SSR: Added documentation

PostProcess/ScreenSpaceReflection/README.md

@@ -0,0 +1,148 @@
+# Screen Space Reflection
+![alt text](media/ssr-logo.jpg "A screenshot showing the final composite of the SSR reflections into a scene.")
+
+
+## Table of contents
+- [Introduction](#introduction)
+    - [Motivation](#motivation)
+	- [Supported platforms](#supported-platforms)
+
+- [Integration guidelines](#integration-guidelines)
+    - [Input resources](#input-resources)
+    - [Normal buffer configurations](#normal-buffer-configurations)
+    - [Depth buffer configurations](#depth-buffer-configurations)
+    - [Providing motion vectors](#providing-motion-vectors)
+    - [Host API](#host-api)
+- [Implementation details](#implementation-details)
+    - [Algorithm structure](#algorithm-structure)
+    - [Preparation for ray tracing](#preparation-for-ray-tracing)
+		- [Blue noise texture generation](#blue-noise-texture-generation)
+	    - [Hierarchical depth generation](#hierarchical-depth-generation)
+	    - [Stencil mask generation and roughness extraction](#stencil-mask-generation-and-roughness-exraction)
+    - [Ray tracing](#ray-tracing)
+    - [Denoising](#denoising)
+	    - [Spatial reconstruction](#spatial-reconsturction)
+	    - [Temporal accumulation](#temporal-accumulation)
+	    - [Cross-bilateral filtering](#cross-bilateral-filtering)
+- [Possible improvements](#possible-improvements)
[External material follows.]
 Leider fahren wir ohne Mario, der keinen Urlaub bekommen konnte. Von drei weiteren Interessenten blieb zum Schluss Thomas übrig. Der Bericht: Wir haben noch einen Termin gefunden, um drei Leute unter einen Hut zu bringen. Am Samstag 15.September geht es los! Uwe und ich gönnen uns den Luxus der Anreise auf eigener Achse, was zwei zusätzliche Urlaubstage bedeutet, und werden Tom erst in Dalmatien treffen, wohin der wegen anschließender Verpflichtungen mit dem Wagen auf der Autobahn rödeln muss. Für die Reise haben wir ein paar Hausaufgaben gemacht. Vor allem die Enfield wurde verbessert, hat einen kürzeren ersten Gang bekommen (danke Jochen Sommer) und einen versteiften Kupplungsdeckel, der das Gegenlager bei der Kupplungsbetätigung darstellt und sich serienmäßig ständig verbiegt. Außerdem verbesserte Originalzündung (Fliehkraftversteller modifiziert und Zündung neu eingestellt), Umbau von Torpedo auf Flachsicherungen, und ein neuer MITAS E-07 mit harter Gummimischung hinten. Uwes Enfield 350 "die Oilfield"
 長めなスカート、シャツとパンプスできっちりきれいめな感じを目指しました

+- [References](#references)
+
+## Introduction 
+### Motivation
+We needed to add screen space reflection to our project with the following requirements:
+- Compatibility with WebGL
+- Supports rough surfaces
+- The execution time should not exceed 2ms at Full HD resolution on devices equivalent to RTX 2070.
+
+ We used AMD's implementation of Screen Space Reflection as a basis for our implementation **[AMD-SSSR]**
+ I strongly recommend to read AMD documentation and also a more detailed review of the algorithm by Kostas Anagnostou **[Kostas Anagnostou, SSSR]**  for understanding the subsequent text.
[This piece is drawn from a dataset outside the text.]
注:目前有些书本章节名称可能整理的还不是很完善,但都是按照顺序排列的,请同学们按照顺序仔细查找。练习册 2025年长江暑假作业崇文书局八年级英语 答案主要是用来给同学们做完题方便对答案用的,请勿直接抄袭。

+ Unfortunately WebGL doesn't support compute shaders, so we had to make some compromises for compatibility. Please refer to  [implementation details](#implementation-details) section for further insights.
+
+### Supported platforms
+- Windows 10+
+	* Vulkan® 1.x
+	* DirectX® 11
+	* DirectX® 12
+	* OpenGL® 
+- Emscripten
+	* WebGL® 
+- Android 14.x
+	* Vulkan® 1.x
+
+## Integration guidelines
+
+## Implementation details
+
+### Algorithm structure
+The algorithm can be divided into three main stages:
+ 1. [Resource Preparation](#preparation-for-ray-tracing): Preparation of resources for the ray tracing step.
+	- [Blue noise texture generation](#blue-noise-texture-generation)
+	- [Hierarchical depth generation](#hierarchical-depth-generation)
+	- [Stencil mask generation and roughness extraction](#stencil-mask-generation-and-roughness-exraction)
+ 2. [Ray Tracing](#ray-tracing): The actual ray tracing stage.
+ 3. [Denoising](#denoising): Denoising the image obtained during the ray tracing stage.
+	- [Spatial reconstruction](#spatial-reconsturction)
+	- [Temporal accumulation](#temporal-accumulation)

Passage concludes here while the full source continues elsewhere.